I apologize for not clearly distinguishing between the "raw" and "ratio-adjusted" cumulative AD lines.  The raw AD line is just that, 1000 advances, 500 declines, we have +500 net advances.  Due to the the ever increasing number of issues trading on the NYSE, historical comparisons (greater than 5 or 6 years) of the AD line should include the ratio adjusted method, which is the approach used for ratio adjusted McClellan indicators:

 

((Adv - Dec)/(Adv + Dec))*1000

 

Using the raw AD data, the NYSE AD line has easily left the previous 1959 all-time high in the dust some time ago.  In 1959, there were usually 1100 issues traded on the NYSE while today, 3300 to 3400 issues trade on the NYSE on any given day, thus the need for adjusting via the ratio method.

 

Using the ratio adjusted approach, 1959's high is still intact, but that high is only the all-time record on an adjusted basis which is interesting trivia, but how important it is in the current climate?
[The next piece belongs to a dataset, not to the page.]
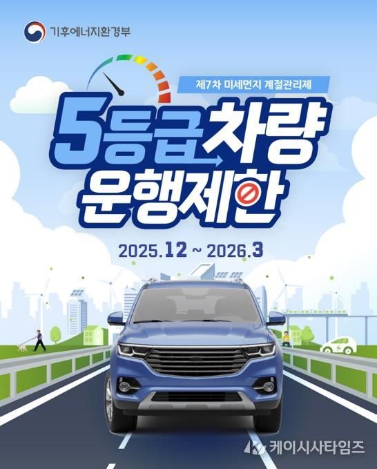 케이시사타임즈 관리자 기자 | 파주시는 제7차 계절관리제 기간인 2025년 12월부터 2026년 3월까지 배출가스 5등급 차량에 대한 단속을 실시하고 있다.

Not too important.  What does matter is the health of the AD line from a liquidity perspective, and its position with respect to its 5%, 10%, and 1% trends.  As we are aware, the difference between the AD line's 10% and 5% trends is the value of the AD McSum, so there is a lot of information in an AD line chart that includes its 5% and 10% trends.

 

When the AD line begins diverging for an extended period of time with price, is where the warning flags rise suggesting liquidity in the markets is waning, and the clock is ticking for a more serious price decline.  Recently, we saw a few divergence in the common AD line with prices which was remedied this past Friday, with a decisive breakout in the common AD line.  We can now reset the "divergence clock".

 

I agree there can be plenty of money made on the short side, with or without leverage in a 5% market price decline.  Many longer term investors are willing to sit out a muted decline (less than 10%), thus the motivation behind the Hindenburg Omen study with respect to liquidity, as measured by the AD line.  For short term traders and intermediate term traders, which I consider the class I fall into, a 5% decline is definitely worth trying to get a piece of in my speculative accounts.  However, for core accounts where investment options are limited, sitting out a 5% decline with an otherwise favorable long term outlook is acceptable to many.

 

As far as the weekly common AD data, I am slowly but surely working on it.  It not a trivial project since I am working with daily files where new issues come aboard, others fall off, not every issue trades everyday, etc. Due to my penchant for accuracy, it is a painstaking project, which I am considering writing a software application to finish it off, but even that will require a non-trivial investment of time.

 

The common data, weekly or daily, tells a different story than the composite AD data, during the bear market, and even right now.

 

Thanks for your feedback Geo, I have to get off this board and get to work!!